Sambruk Webinar / AI Employees / 1 June 2026

AI Employees

What 100 Virtual Workers Taught Us About the Future of Work

Joseph Benguira / Founder & CTO, Elestio / Founder, GetATeam

Sambruk Webinar / 1 June 2026 / Stockholm

1/19

Who We Are

A global team with European roots

We run a global team, with roots in Europe — EU-resident workloads since day one.

Built for organisations that care where their data lives and who owns the stack underneath.

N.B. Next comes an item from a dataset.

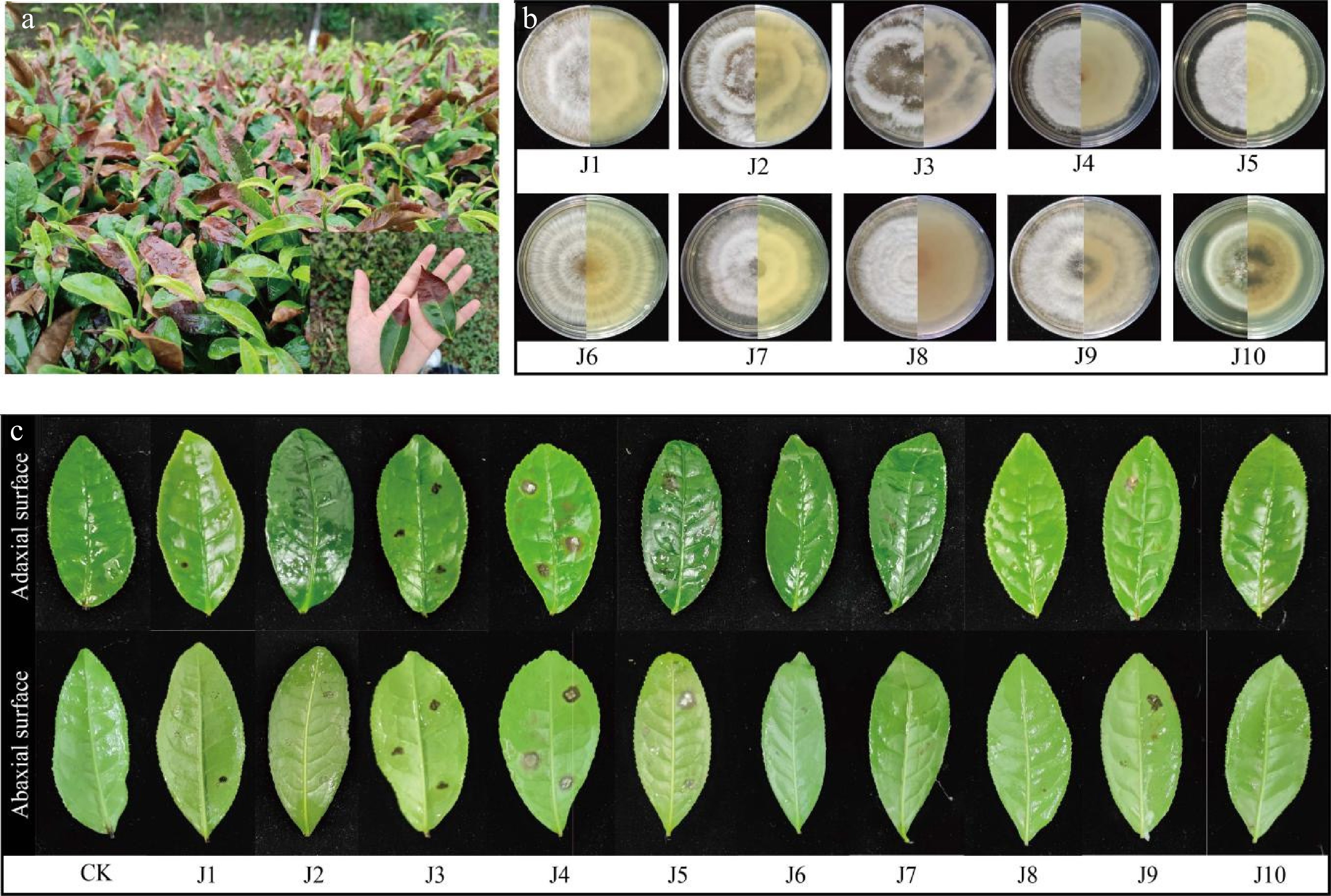 • During May to June 2023, large-scale red spotted tea leaves emerged in the tea plantation. Red leaf spots were predominantly concentrated on older leaves, spreading inward from the leaf tips. They featured concentric ring patterns, irregular shapes and edges, and a shriveled, reddish brown appearance. Diseased parts were dried, brittle, and hard, with a distinct pale yellow boundary at the diseased healthy interface (Fig. 1a). Pathogens were isolated from diseased leaves using the tissue separation method. Ten pathogenic strains, designated as J1−J10, were obtained (Fig. 1b). All ten strains exhibited obvious concentric rings, yet with varying ring spacings. J1, J2, J3, and J9 had wider ring spacings; J6, J7, and J10 had intermediate spacings; J8 had the densest rings; and J4 and J5 showed no distinct ring distribution. Colonies of J1−J9 were white, cotton-like on the front with uneven edges, while J10's colony was green, cotton-like on the front. The backsides of J3 and J8 colonies were light pink; the center backside of J10's colony was brown green; and the remaining seven strains had light yellow backside colonies. Pathogenicity tests on detached tea leaves revealed that J1−J5 and J9 successfully re-infected, while tea leaves inoculated with J6, J7, J8, and J10 were indistinguishable from the blank control (Fig. 1c).

Not selling you anything today. Sharing what 12 months in production looks like.

The Elestio → GetATeam link matters for this room: we own the full infrastructure stack underneath the AI employees. No mystery cloud. No shared tenancy. Sovereign-deployable.

Elestio

Founded 2022 · Dublin

Managed open-source DevOps platform. 400+ open-source apps deployed on dedicated VMs (not shared Kubernetes) for thousands of customers across EU, US, Asia.

GetATeam

Founded September 2025

Platform to build, run, and monitor AI employees. Sits on Elestio infrastructure which is why we can promise self-hosted, EU-resident, dedicated VMs out of the box.

2/19

What "In Production" Actually Means

May 2026 · our own workforce running on GetATeam

97

AI Employees Running

Deployed inside our company

23

Human Operators

Working alongside them

40.76B

Tokens Processed

May 2026 · 17,048 prompts · 145,921 messages

97.3%

Cache Hit Ratio

The economics moat

What these numbers mean

9,395 hours of cumulative agent runtime in May — the equivalent of ~13 employees working 24/7 in parallel, on a base of 23 humans.
Each human operator effectively runs ~5 AI employees in parallel, all day, every day.
Average per employee: ~420 million tokens / month · ~14 million / day.
Every new employee ships with Web-publish + Task-scheduler mandatory by default — automation isn't an upgrade tier, it's the floor.
Counting customer-deployed agents on top of our internal workforce, we are well past 150 AI employees in production.

3/19

Definitions Matter / The Market Calls Everything an "Agent"

	Chatbot	Copilot	Agent (one-shot)	AI Employee
Memory across sessions	No	No	No	Yes / Persistent
Initiates work on its own	No	No	No	Yes / Scheduled + reactive
Communication channels	1 / chat	1 / IDE	1 / API	Email, Slack, Teams, phone, chat
Skills	Fixed	Plugin-based	Static toolset	Self-programming / writes its own
Identity	None	None	None	Name, email, phone, signature

One-line version: a chatbot answers. A copilot suggests. An agent runs a task once. An employee shows up Monday morning and works the inbox.

4/19

Who Actually Uses AI Employees Inside a Company

Pareto distribution · May 2026 · token usage per human operator

56.6%

Top 3 Users

of all token usage

~75%

Top 5 Users

classic power-law tail

#4

Founder (Me)

not the #1 user

Lesson: AI employees do not get adopted uniformly. The early heavy users are the people whose workflows were already broken / overloaded (sales ops, support triage, content production). The rest of the organisation watches for 2–3 months, then catches up.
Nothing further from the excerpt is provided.